Let's fill in the details of this proof. Suppose that for some $k > r$, $Av_k \neq 0$. If $Av_k$ is linearly independent from $Av_1,\dots,Av_r$, then we are forced to conclude that $\operatorname{Im}(A)$ has dimension greater than $r$, which is what is referenced by the parenthetical remark.

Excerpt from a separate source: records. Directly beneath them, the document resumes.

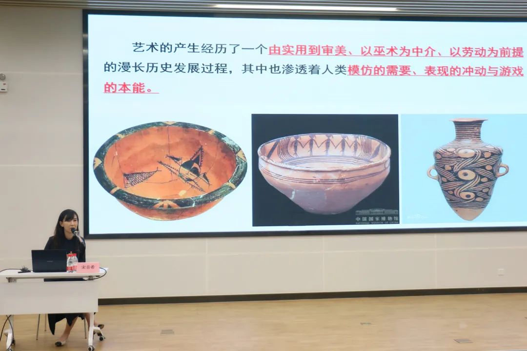 “艺术的起源,就在文化起源的地方。”现场,宋教授结合格罗塞的名言,简洁明了地概括了由陶器的艺术之美背后所蕴含的文化内核。从史前人类的作品回归到本土文化,中华传统文化的精神内核值得我们深思。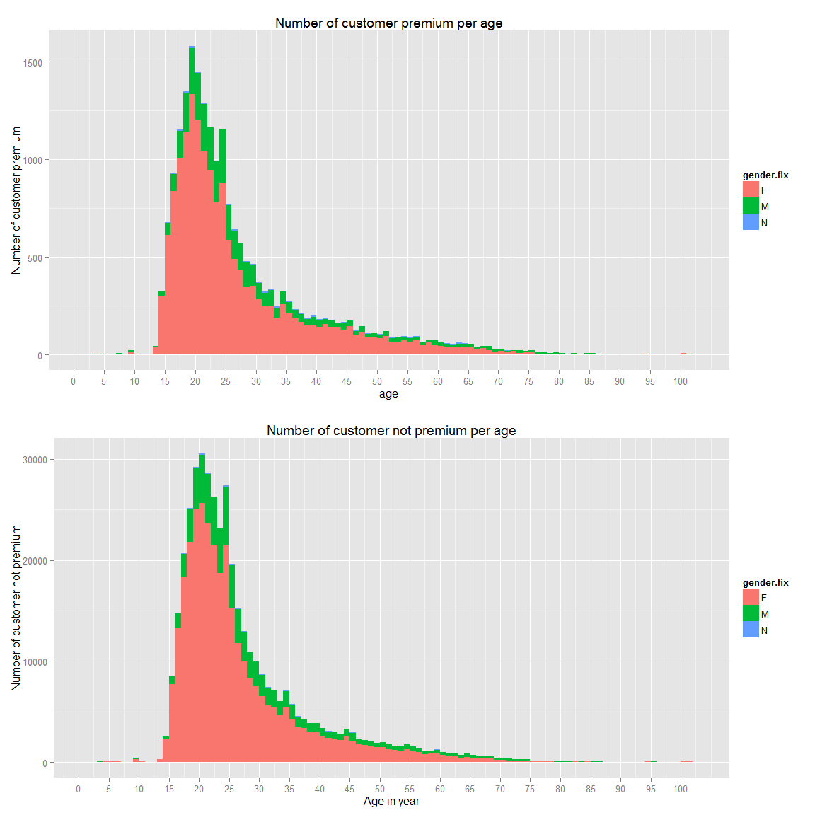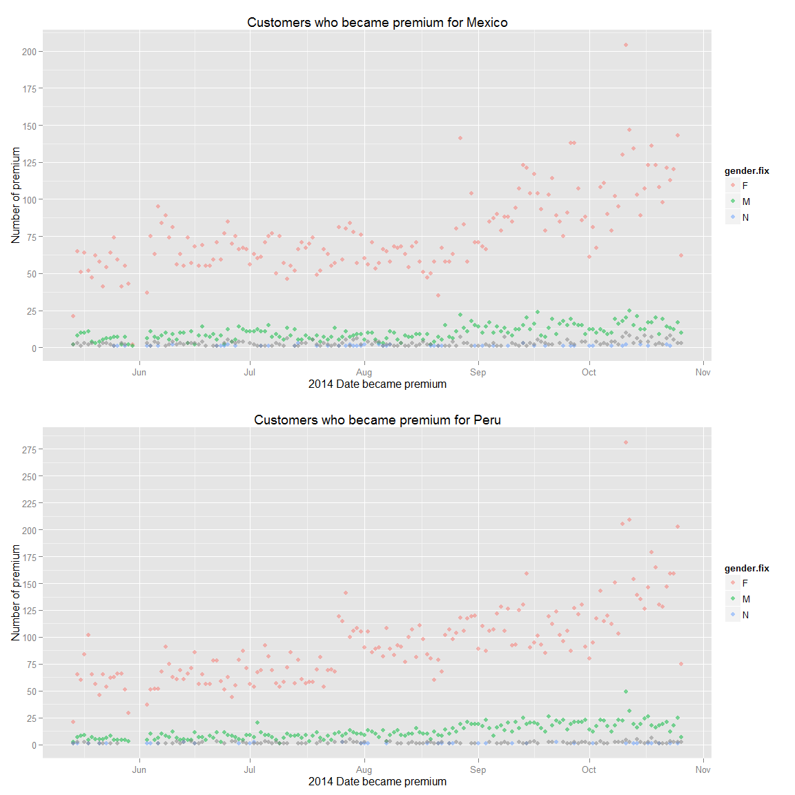 ds.prem.joined <- ds %>% filter(premium_join_delay>0,!is.na(gender.fix)) %>% group_by(premium_join_delay,gender.fix) %>% summarise(n=n()) %>% ungroup() %>% arrange(premium_join_delay)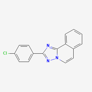 The synthesis of this compound involves the construction of its distinctive triazolo[5,1-a]isoquinoline ring system and the incorporation of the 4-chlorophenyl substituent. A reported synthetic pathway describes the reaction of an acyl hydrazide with a carboximidate to yield an intermediate compound. Current time information in Bangalore, IN. This intermediate undergoes cyclization in the presence of sodium hydride, forming the 1,2,4-triazole (B32235) ring fused to the isoquinoline (B145761) core. Current time information in Bangalore, IN. The synthesis is completed by the oxidation of this intermediate using N-bromoacetamide to afford this compound. Current time information in Bangalore, IN.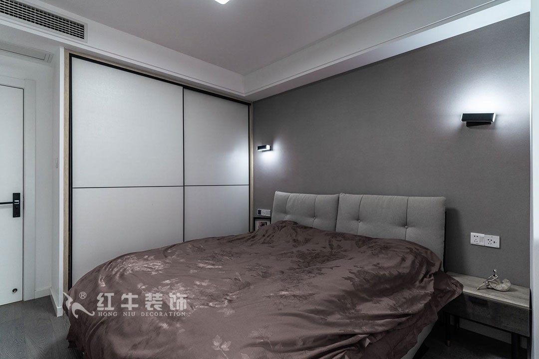 主臥任然走極簡(jiǎn)的線條感,搭配黑色壁燈,給人以休閑自在的視覺感受,心情也自然就舒緩很多。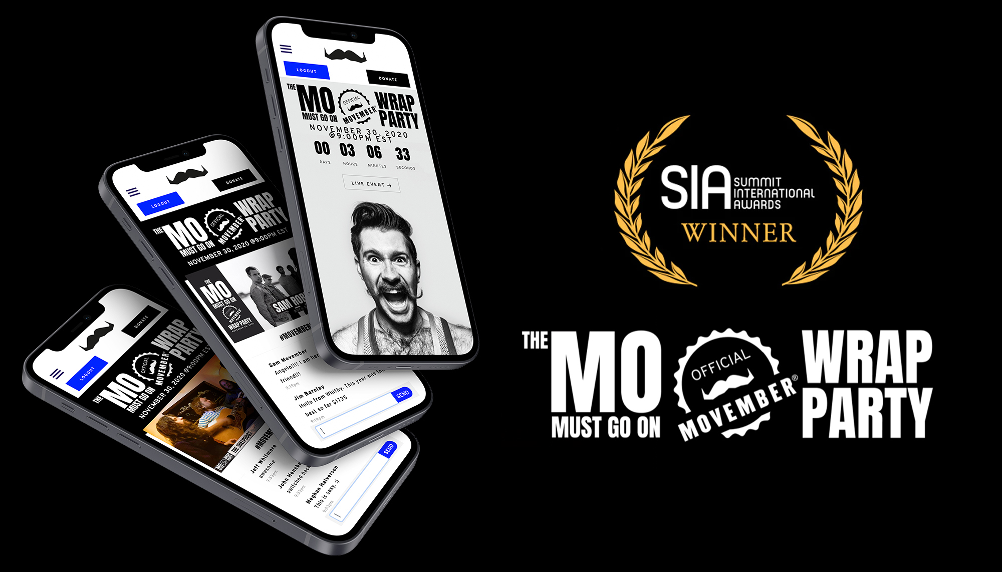 GOLD WINNER! At The Summit Awards 2021. Coronavirus Consumer Campaign. “The Mo Must Go On!!” In 2020, I led the creative team at Elite Digital and had the honour and pleasure of working with Movember Canada. We created a fully immersive live-stream event, web build, animation, design and edit. The experience ensured that the Movember community and donors came together 'virtually' to celebrate men's health. The stream was hosted by the Canadian comedian Tyrone Edwards and featured performances by Sam Roberts, The Sheepdogs, Owen Barney and more. Elite Digital is incredibly proud to not only help and support Movember Canada, but we are also proud to help raise awareness for men's physical and mental health. Be sure to keep the conversation going year-round.

However, we still need to rule out the possibility that $Av_k$ is non-zero but the set $\{Av_1,\dots,Av_r,Av_k\}$ is linearly dependent. It is not clear how the author of the proof intended for the reader to deduce this, but here is one approach. We begin by supposing that $Av_k = c_1 Av_1 + \cdots + c_r Av_r$ and then concluding that we much have $c_i = 0$ for all $i = 1,\dots,r$. As the author notes, the vectors $u_i = \frac 1{\sigma_i} Av_i$ form an orthonormal basis for the image of $A$. It follows that for each $i = 1,\dots,r,$ $$ Av_k = c_1 Av_1 + \cdots + c_r Av_r \implies\\ Av_k = c_1 \sigma_1 u_1 + \cdots + c_r \sigma_r u_r \implies \\ \langle Av_k, u_i \rangle = c_i \sigma_i \implies\\ c_i = \frac{\langle Av_k, u_i\rangle}{\sigma_i} = \frac{\langle v_k, A^Tu_i\rangle}{\sigma_i} = \frac{\langle v_k, A^TA v_i\rangle}{\sigma_i^2} = \langle v_k,v_i\rangle. $$ However, the fact that $v_1,\dots,v_n$ are orthonormal implies that $\langle v_k,v_i\rangle = 0$. So indeed: if $Av_k$ is a linear combination of $Av_1,\dots,Av_r$, then it must hold that $Av_k = 0$.